Domino’s is on track to have the best sales this quarter of any major restaurant chain in the US, after an incredible second quarter.
On Thursday, the pizza chain reported that US same-store sales grew 9.7% in the second quarter, Domino’s 21st consecutive quarter of positive sales momentum.
Earlier this week, Nomura reported that, if the pizza chain’s same-store sales topped 6% — the financial holding company’s estimation —
the chain had a good chance of posting the best same-stores sales of the quarter of the 25 largest restaurant chains in the US that publicly report. With a nearly 10% increase in same-store sales, it looks like the chain will dominate the rest of the fast-food industry for the quarter.
Nomura outlined four drivers of the chain’s momentum:
1. Improved quality
Sales at Domino’s have soared since the company came out with a new pizza recipe in 2009. The improved core product was key for business to turn around.
The company has emphasised quality as necessary in succeeding against rivals like Pizza Hut and Papa John’s.
2. Better marketing
Marketing guru Russell Weiner joined Domino’s from Pepsi in 2008, in the midst of a massive sales decline. He implemented a self-deprecating marketing strategy that resonated with consumers, and, in 2014, became president of Domino’s USA.
3. Digital ordering
Digital channels accounted for half of Domino’s US sales in the second quarter, with executives saying the chain’s digital loyalty program played a key role in growing sales. The pizza chain offers payment options across 15 platforms, including the Apple Watch, Amazon Echo, and Samsung TV.

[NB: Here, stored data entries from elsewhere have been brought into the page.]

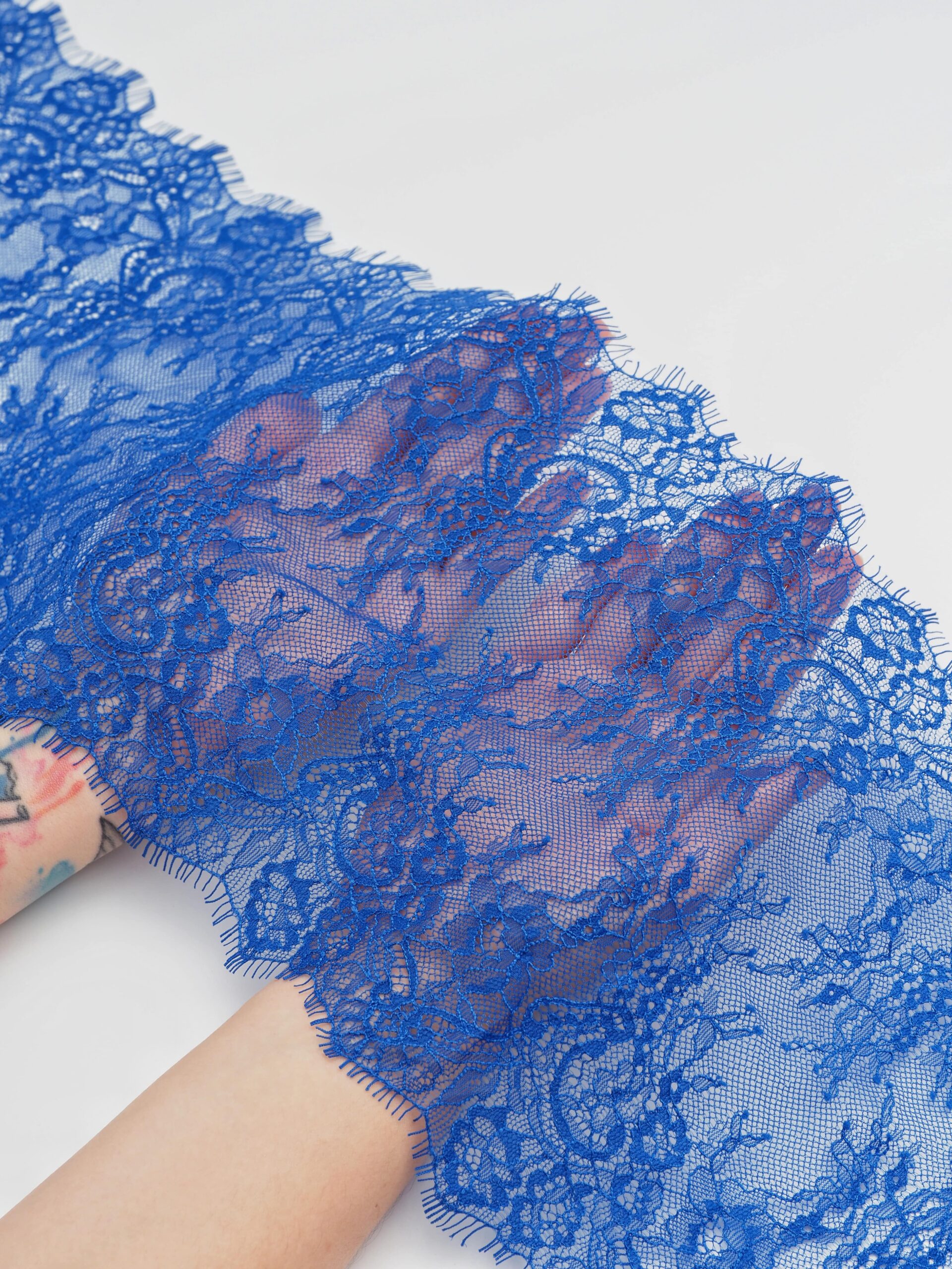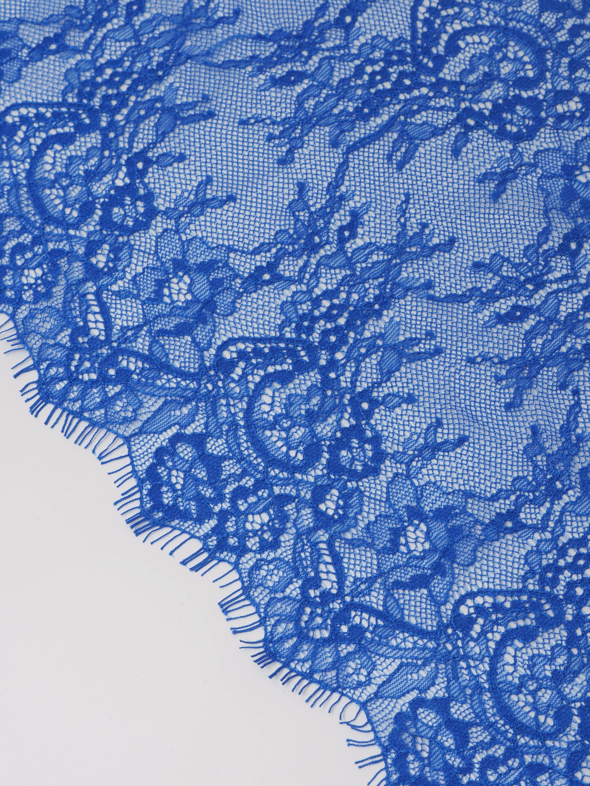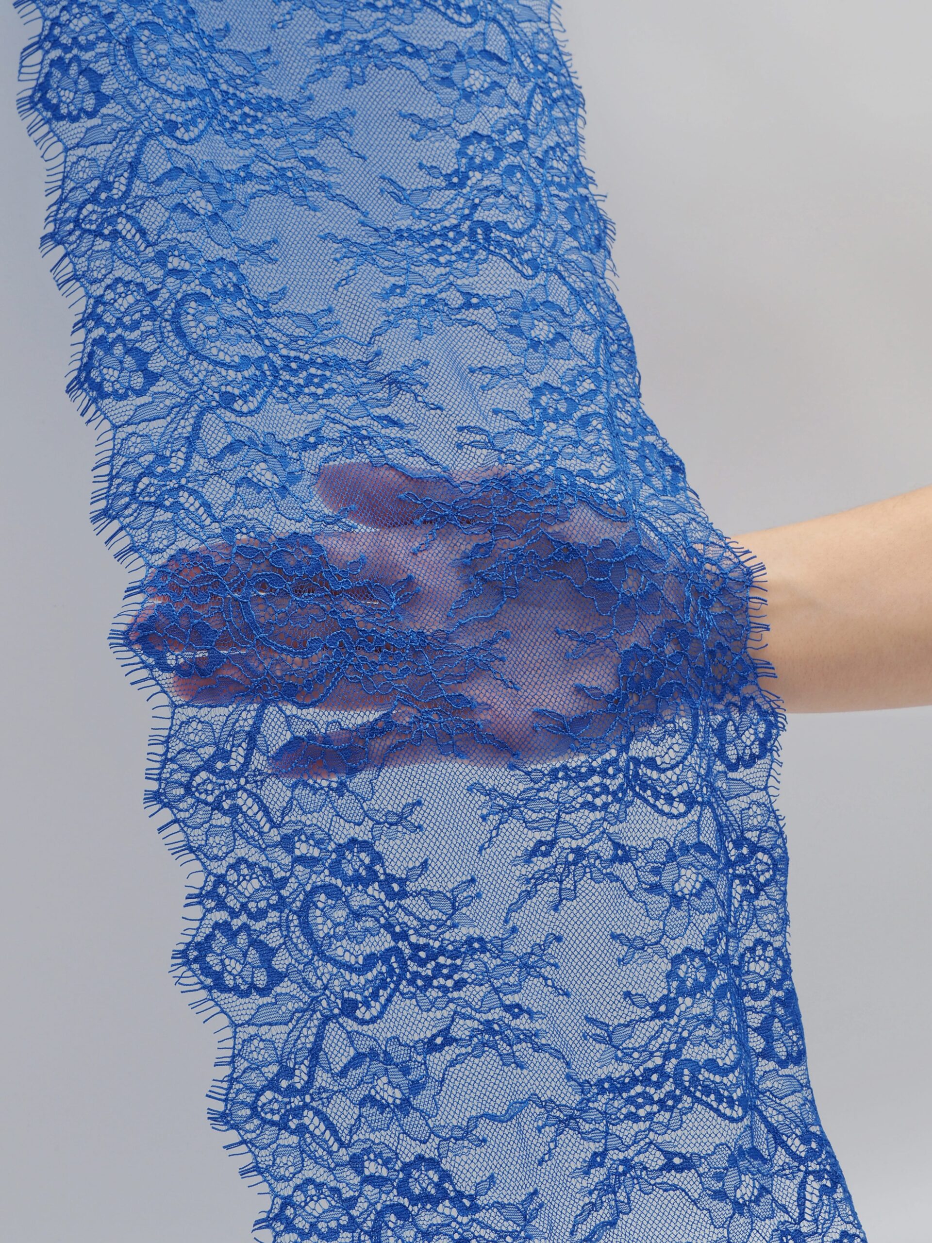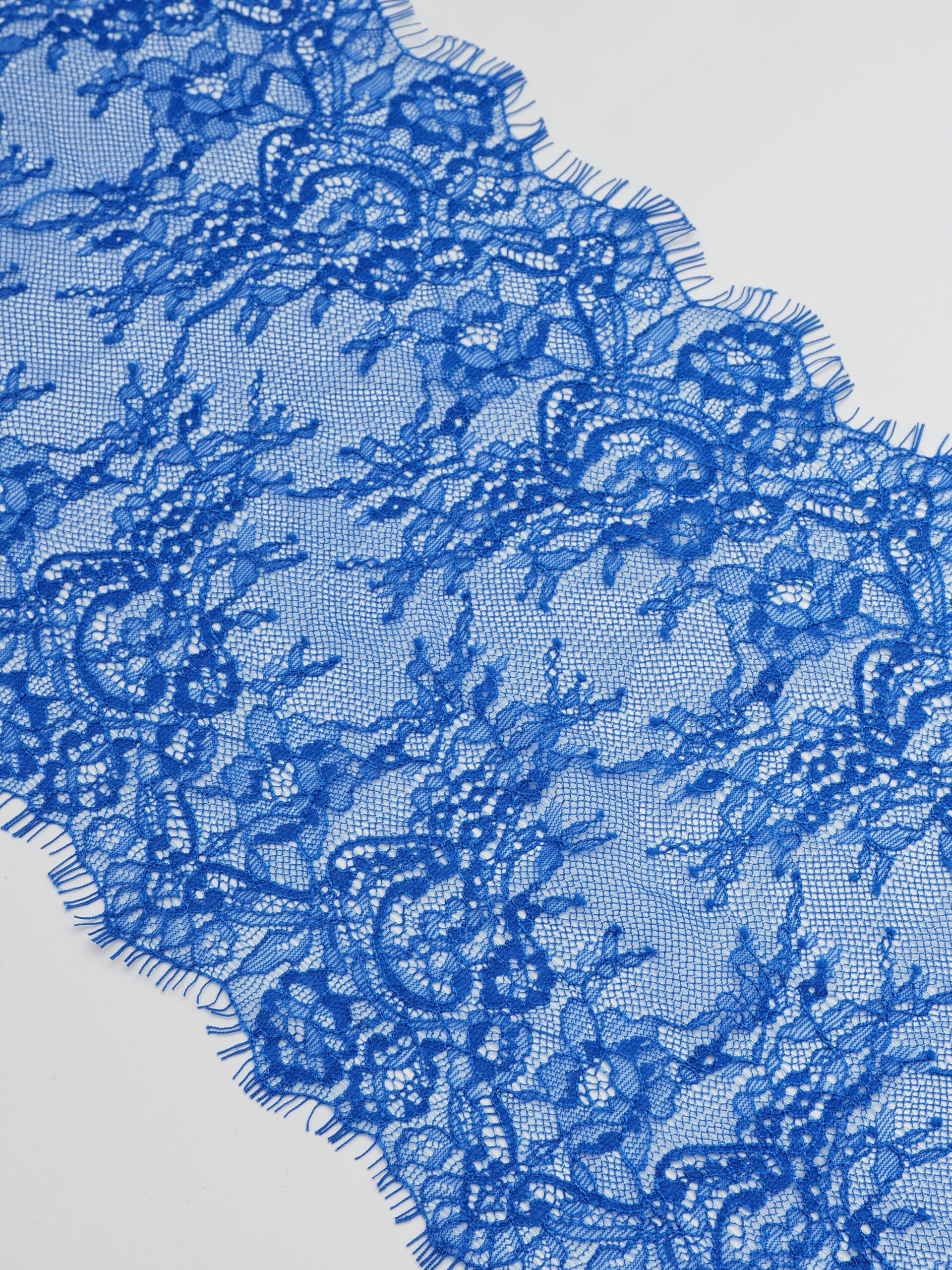 Французское кружево шантильи ультрамарин мягкий и тонкий материал. Он хорошо держит форму держит форму, почти не тянется, отличается высокой прочностью, весит очень мало и очень приятное на ощупь. Его используют для пошива и отделки вечерних и коктейльных платьев, свадебных нарядов, нижнего белья. Даже небольшие ажурные вставки придают изделию утонченность. Украсьте французским кружевом блузку, лиф платья, любое изделие из денима, и вы убедитесь, насколько элегантно смотрится такой материал. Шантильи уместно не только на одежде, но и домашнем текстиле. Ажурную ткань применяют для украшения скатертей и салфеток, занавесок.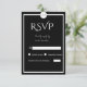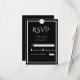 Det här minimalistiska eleganta svarta och vita bröllopssvarskortet har en ren typografi och en tidlös monokrom design, vilket gör det till det perfekta komplementet till en raffinerad bröllopsinbjudan. Idealiskt för klassiska, moderna och lyxiga bröllop, är detta svarskort helt anpassningsbart – så att du kan anpassa namn, svarsalternativ, datum och formulering för att matcha dina evenemangsuppgifter med lätthet.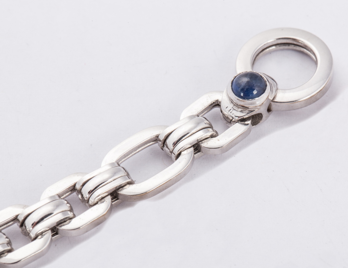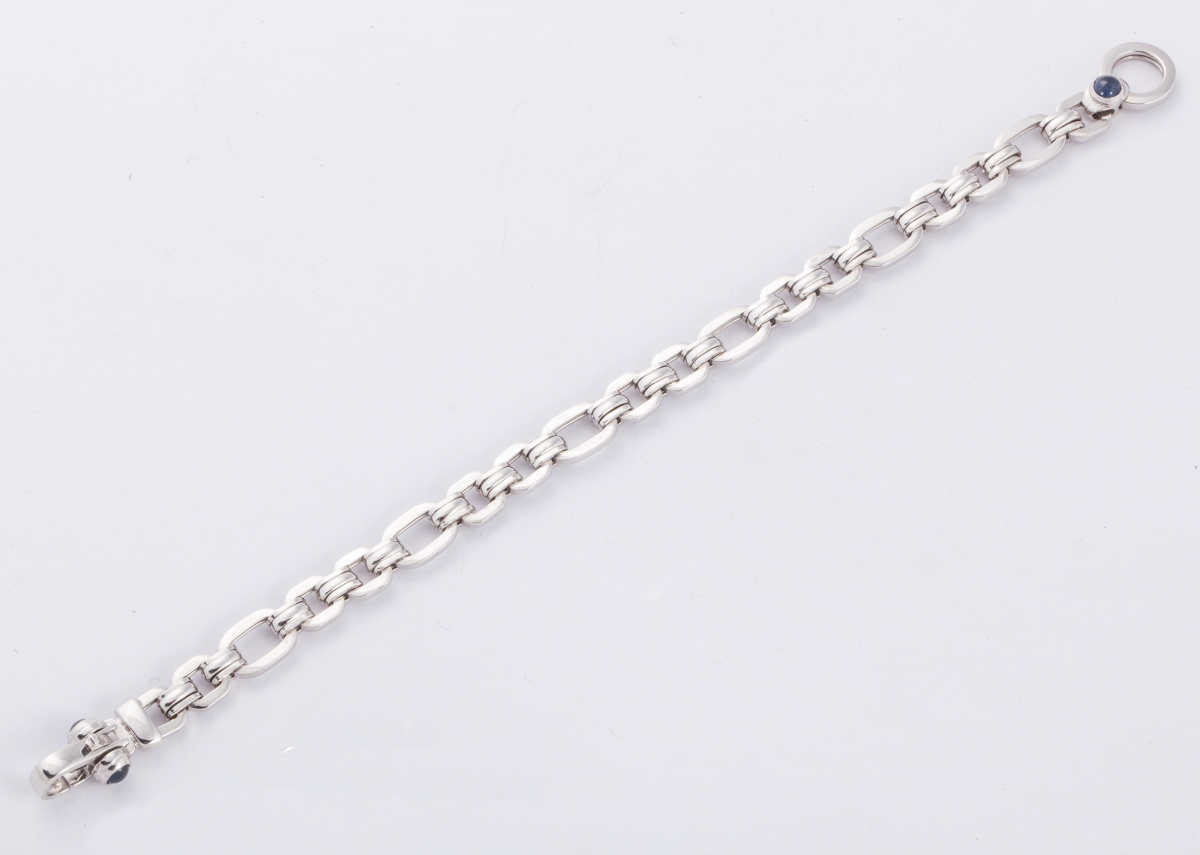 GOURMETTE en or blanc, mailles cannées, le fermoir serti de deux saphirs en cabochon. Poids brut : 13,1 g.

Since payments via digital channels tend to be higher than those made in-person or via phone, digital growth means sales growth at Domino’s — and the chain and Papa John’s are leading the way in tech-centric restaurant innovation.
Domino’s has no other restaurant chains to manage, unlike Yum Brands, the parent company of rival Pizza Hut, KFC, and Taco Bell. Further, Domino’s is a brand that is, essentially, all about one thing: pizza.
It’s an advantage that Starbucks, another brand that Nomura predicts will publicly report 5% or better domestic same-store sales in the second quarter, shares — one company, one brand, and one product that the chain is best known for.